- **Entries supplied**:

[Start of section]

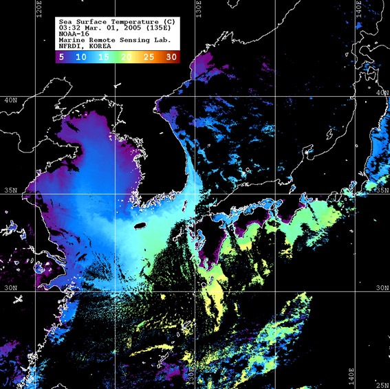 더 많은 위성 수온영상자료(1996년-현재)는 해양원격탐사실 홈페이지로
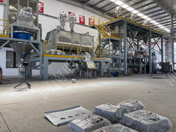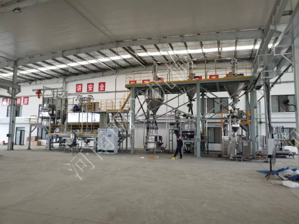噸包無塵投料站,真空上料機(jī)氣力輸送,臥式螺帶混合機(jī),真空上料機(jī)輸送,緩存?zhèn)},篩分除磁包裝生產(chǎn)線。
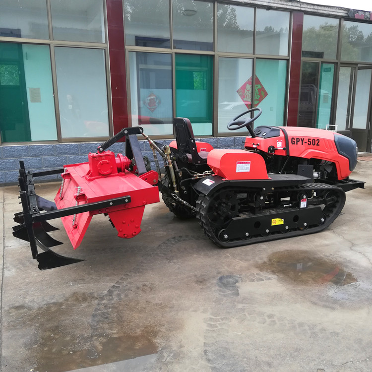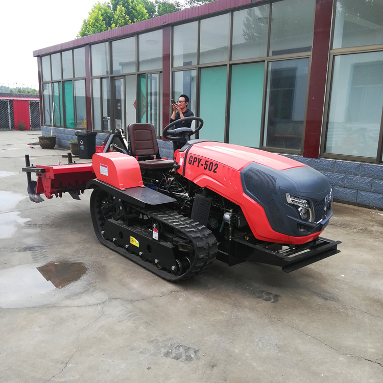 履带式拖拉机,也称之为链式履带式拖拉机,使用履带行走:1.低接地率,以维护土壤。牵引力大,操作优势显著3。超强的通行性和爬坡能力,与轮式拖拉机相比之下使用范围更广,对土壤营养的破坏更小。选项三点悬挂连接方法,可与轮式拖拉机和农具配套使用,减低投资成本。更换工具便捷,简便,功率输出大,马力大!
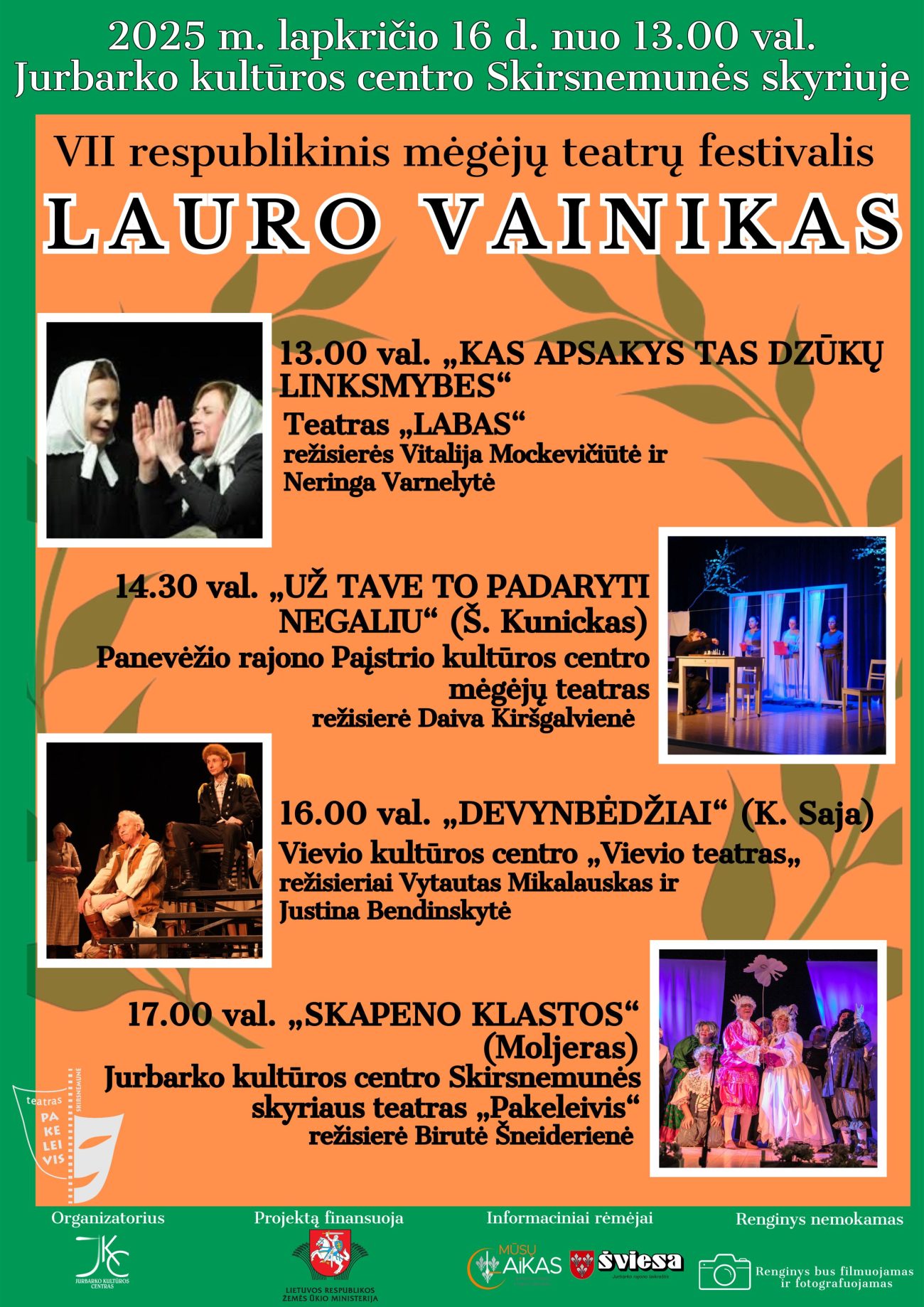 14.30 val. „UŽ TAVE TO PADARYTI NEGALIU“ (Š. Kunickas) – Panevėžio rajono Paįstrio kultūros centro mėgėjų teatras režisierė Daiva Kiršgalvienė
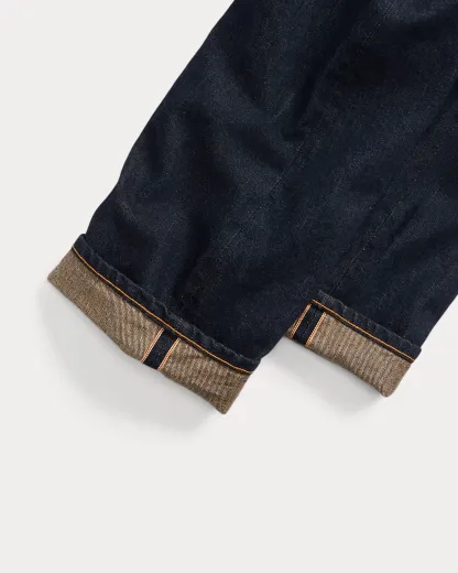 Straight-fitting jeans made in America with 13.75 oz. selvedge denim that is shuttle-woven in Japan. Cotton yarns are ring-spun and rope-dyed to achieve Double RL’s deepest indigo shade with an authentic red-blue cast. Right-hand twill is custom-developed to create a “grin-through” effect in which the lighter-hued weft yarns are visible on the face of the cloth. Rinsed and specially treated for a soft, sun-dried effect. Sanforized® to minimize shrinkage.
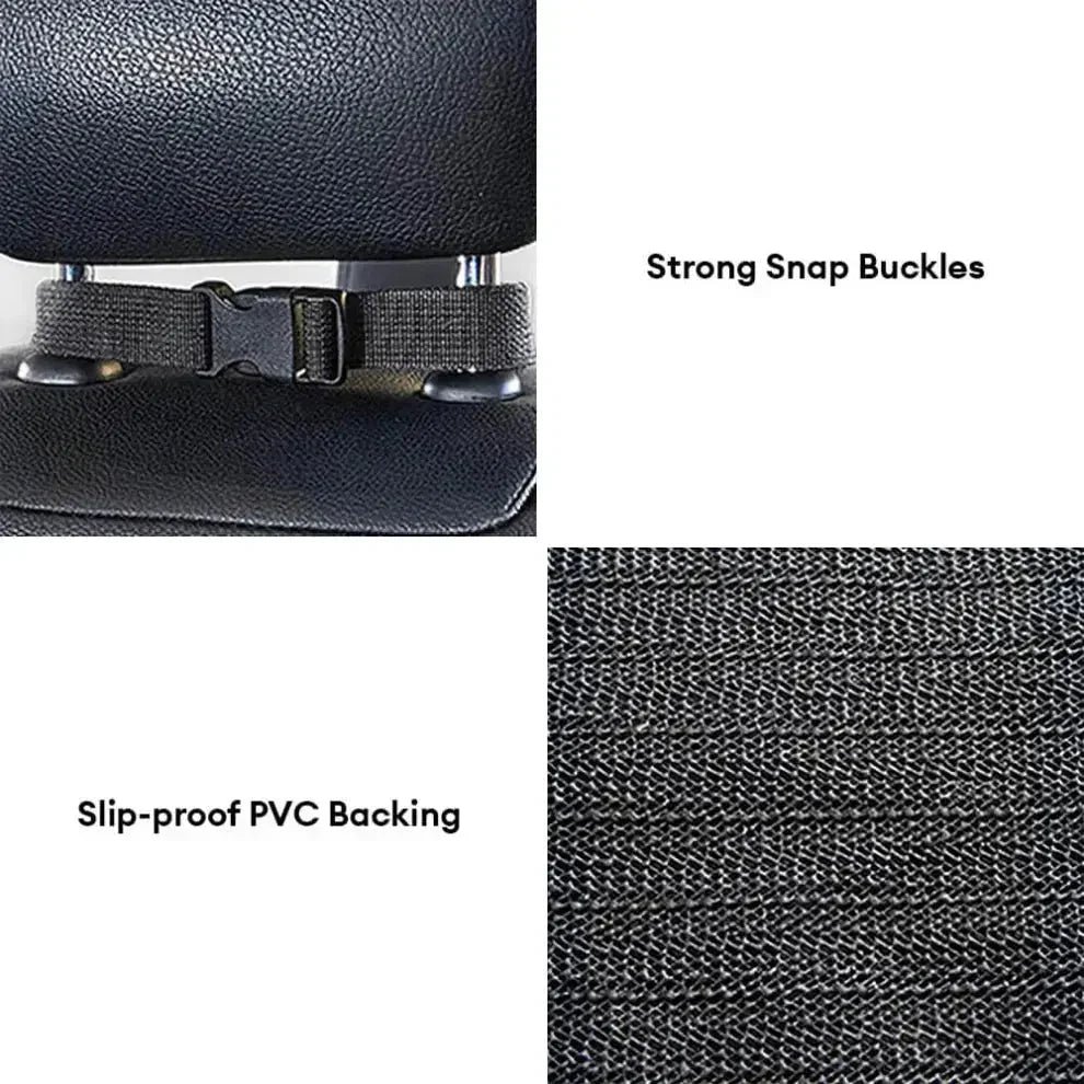 • Secure, stay-put install: headrest straps, seat anchors, and non-slip backing reduce sliding.
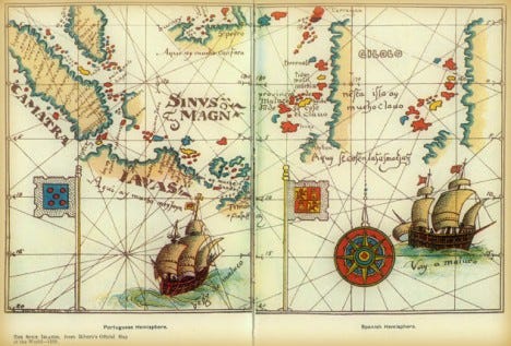 Los buenos estudiantes de historia y sobre todo mis colegas de RRII recordamos el Tratado de Tordesillas en 1494, a través del cual España y Portugal se repartieron el mundo conocido con una línea imaginaria. Cuando España comenzó a declinar en el siglo XVII, sus intentos por mantener el control aceleraron su caída.
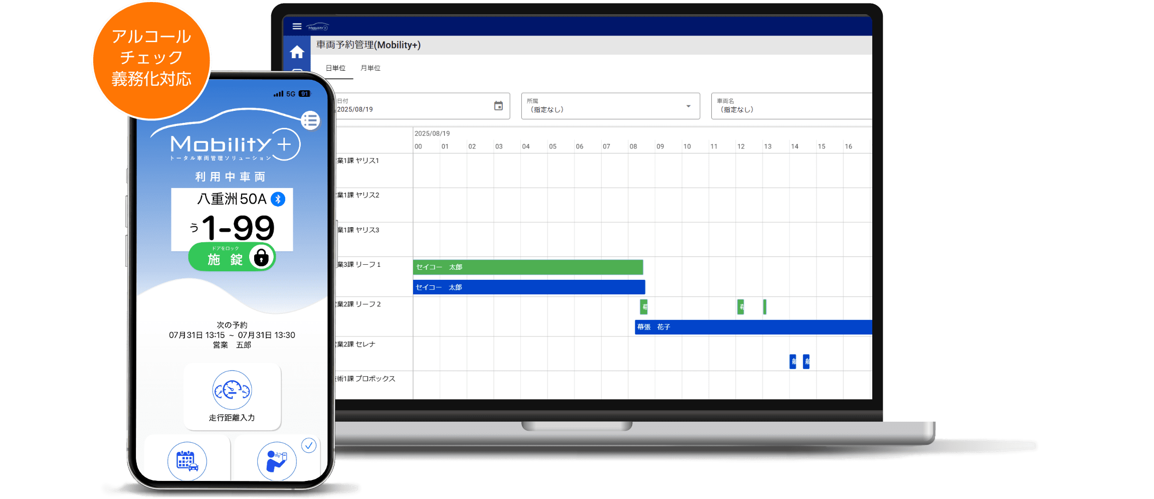 日々のアルコールチェック、車両予約、鍵の受け渡し、運行日報管理など、これまで個別に対応していた業務をまとめてデジタル化。さらに「Mobility+」なら、アルコールインターロックやデジタルキー、位置情報の取得なども対応し、飲酒運転を防止しながら、業務の属人化や人為的ミスを防ぎます。これにより、安全性の強化と管理業務の効率化を同時に実現。管理者の負担を軽減し、社用車運用をスマートに進化させます。
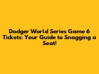 Dodger World Series Game 6 Tickets: Your Guide
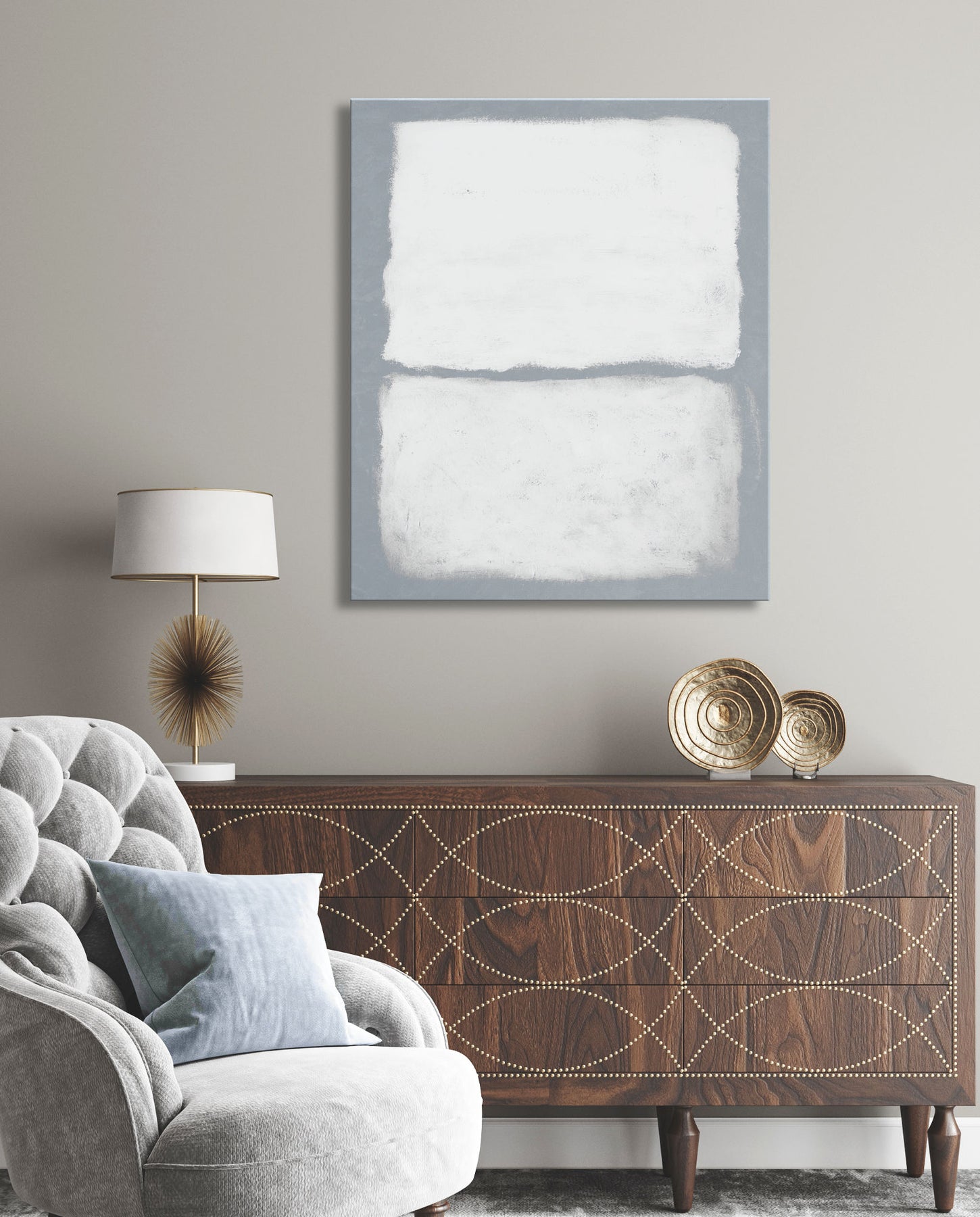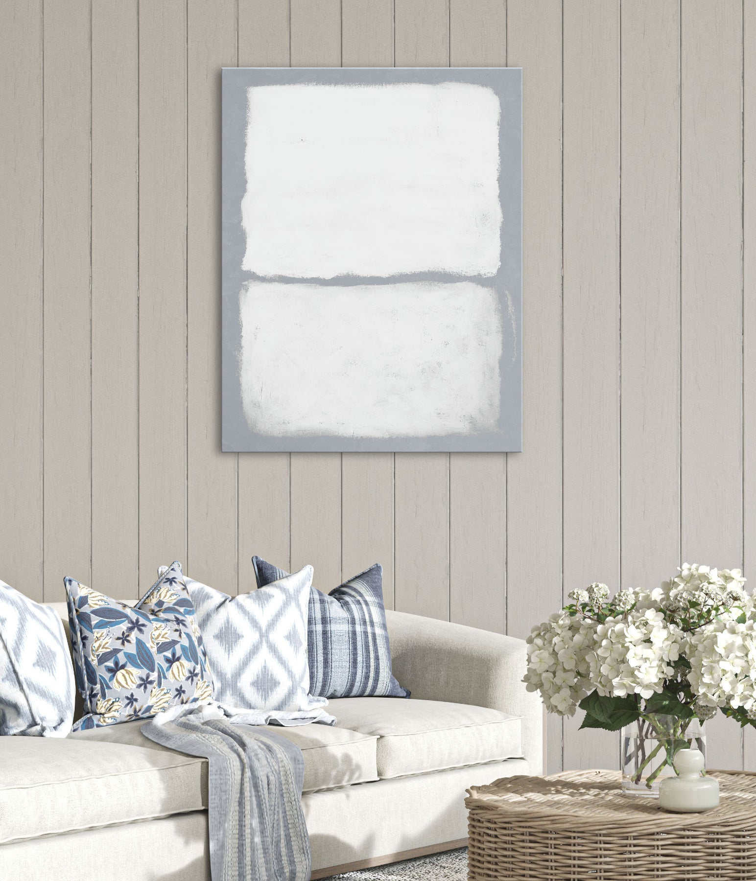• Stretched and gallery wrapped around a 1.5'' wooden stretcher. No outside frame.
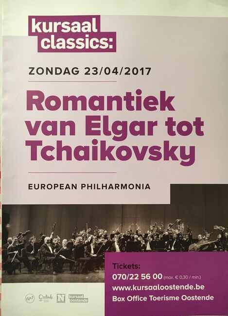 Affiche : European Philharmonia. Kursaal Classsics : Romantiek van Elgar tot Tschaikovsky. Kursaal Oostende 23/04/2017

[End of section]

- **Task description**:
Please reproduce the entries above exactly, from their first line to the line holding "履带式拖拉机,也称之为链式履" inclusive, and nothing else; the pictures stay out.

- **Your response**:
 더 많은 위성 수온영상자료(1996년-현재)는 해양원격탐사실 홈페이지로
噸包無塵投料站,真空上料機(jī)氣力輸送,臥式螺帶混合機(jī),真空上料機(jī)輸送,緩存?zhèn)},篩分除磁包裝生產(chǎn)線。
 履带式拖拉机,也称之为链式履带式拖拉机,使用履带行走:1.低接地率,以维护土壤。牵引力大,操作优势显著3。超强的通行性和爬坡能力,与轮式拖拉机相比之下使用范围更广,对土壤营养的破坏更小。选项三点悬挂连接方法,可与轮式拖拉机和农具配套使用,减低投资成本。更换工具便捷,简便,功率输出大,马力大!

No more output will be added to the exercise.